Il mio giudizio per questo Argo Iro Plus è, nel complesso, buono avendo apprezzato la velocità con cui abbassa la temperatura e facilità di utilizzo. Il suo principale punto debole è l’eccessiva rumorosità durante il raffreddamento, il che potrebbe rendere impossibile l’impiego di notte pur inserendo la specifica funzione Sleep. Altro limite emerso nel corso della recensione riguarda l’impiego come deumidificatore. In tale condizione è bene disporre di uno scarico nelle immediate vicinanze dove collegare il tubo della condensa, altrimenti è necessario posizionare un contenitore molto capiente per evitare il rischio di fuoriuscita dell’acqua.

Electrolux EXP26U758CW

Electrolux EXP26U758CW

Pro

  • Bassa rumorosità
  • Consumi contenuti
  • Facilità di utilizzo
  • Design elegante

Contro

  • Non viene fornito il tubo per lo scarico della condensa

Avendo la necessità di rinfrescare in maniera efficace un piccolo ambiente domestico, una buona soluzione è rappresentata dal climatizzatore portatile Electrolux EXP26U758CW.
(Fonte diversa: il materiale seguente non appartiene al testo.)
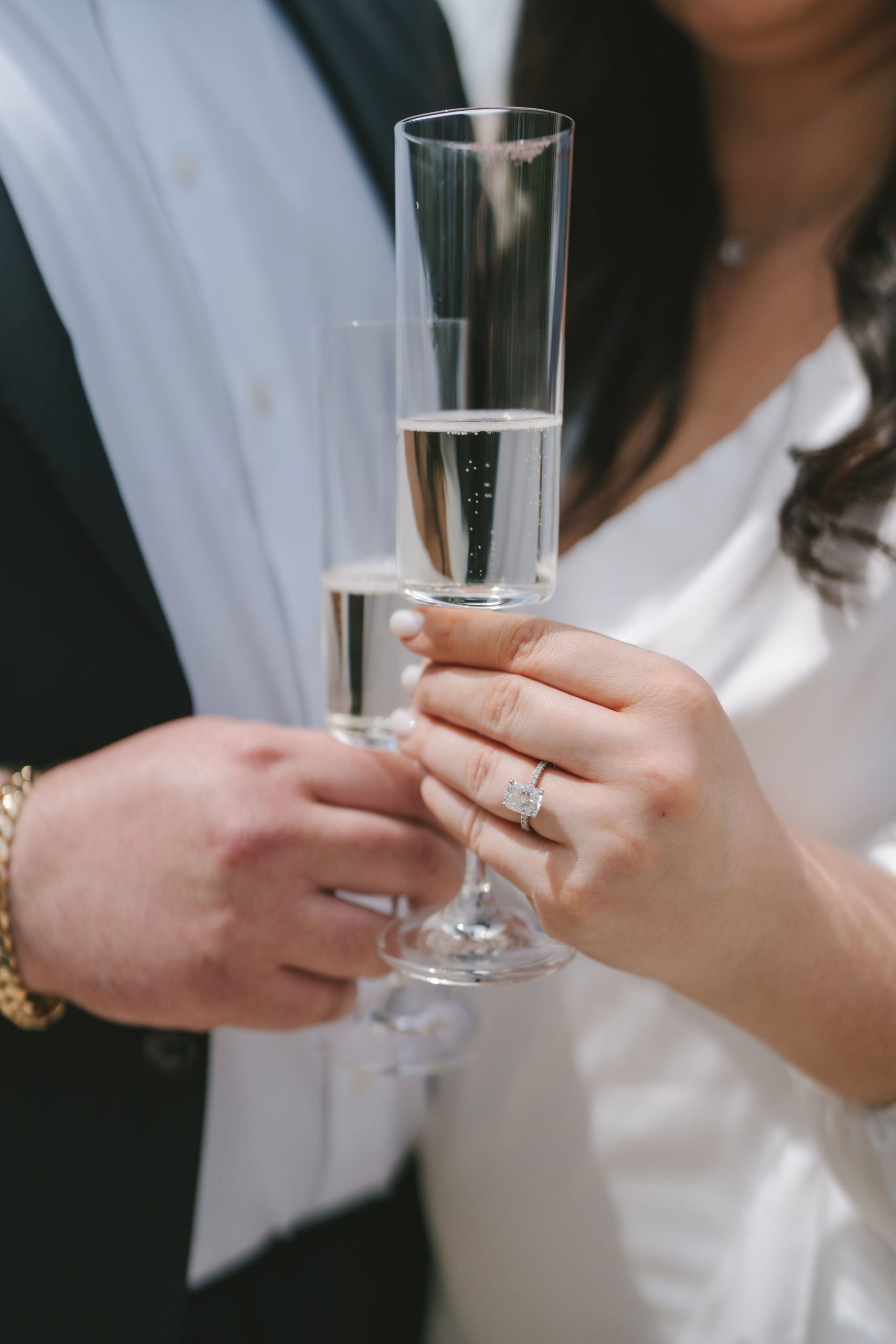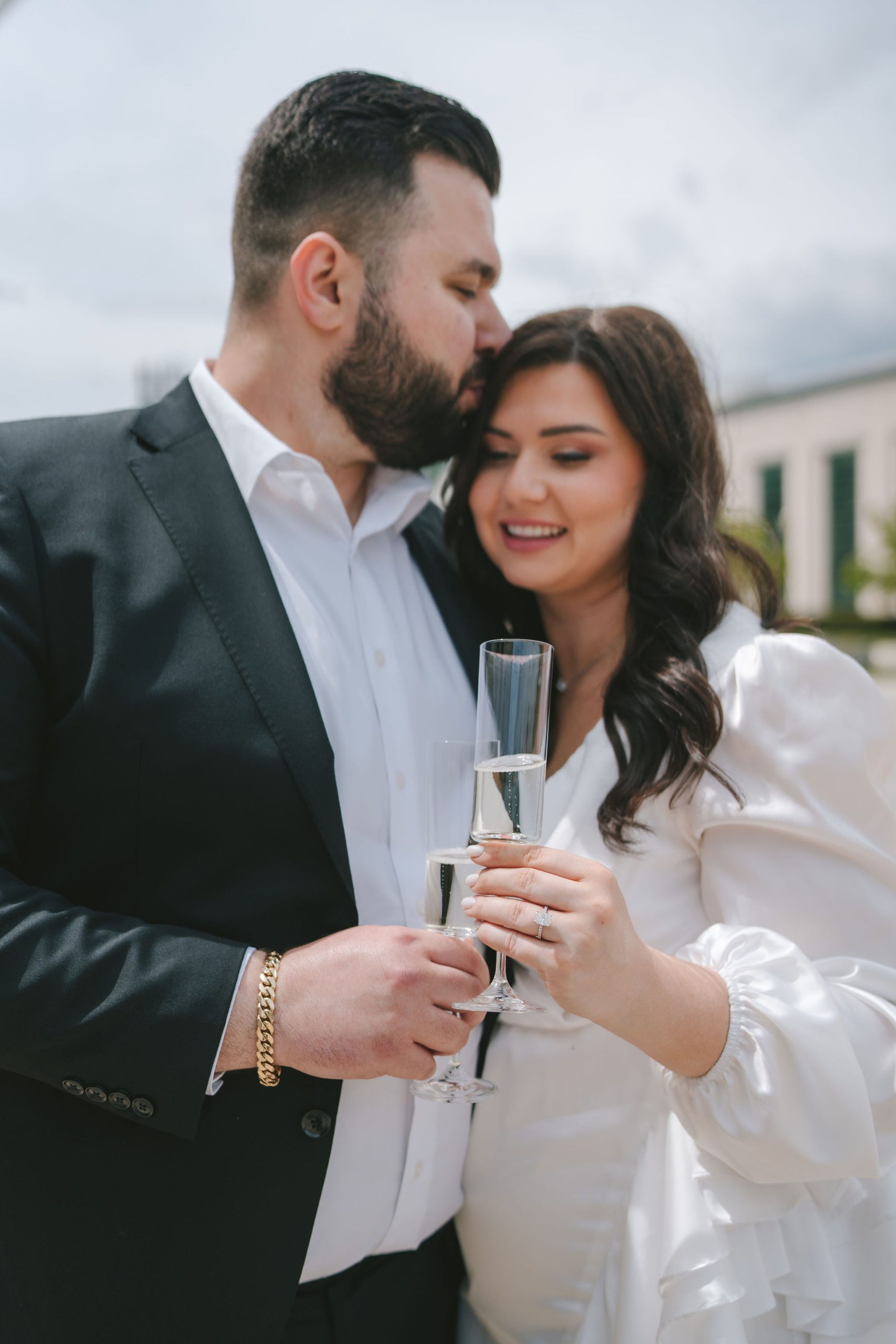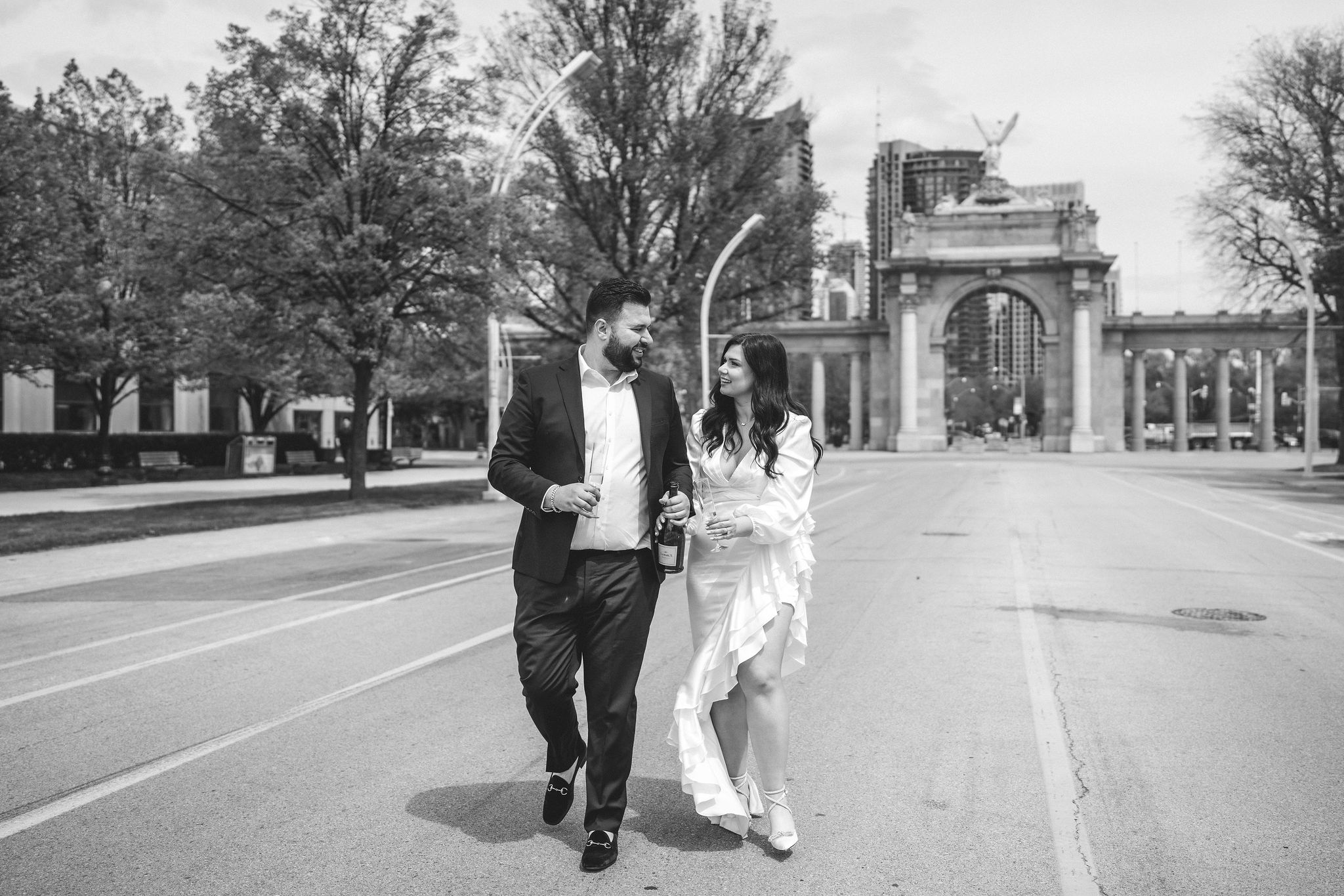 Afterwards, we transferred to the somewhat busy streets of Toronto. Herma and Dean brought a prop to our photoshoot, which I thought was funny at first. They had a bottle of champagne and a pair of glass flutes. It was such a fun moment, to be honest! I made them pop it open and drink from their glasses.

Il design ricercato permette di posizionare l’apparecchio ovunque si desideri, mentre le ruote e la pratica maniglia di spostarlo con estrema comodità. Altrettanto funzionale è il pannello dei comandi con display integrato, senza dimenticare la dotazione di un telecomando per effettuare ogni impostazione stando comodamente seduti sul divano o direttamente dal letto.

Le funzioni sono complete ma nel contempo essenziali e permettono di fissare la temperatura, velocità della ventola, impostare un timer per la partenza o lo spegnimento, nonché selezionare una delle modalità disponibili (Auto, Dry, Raffrescamento e Ventola).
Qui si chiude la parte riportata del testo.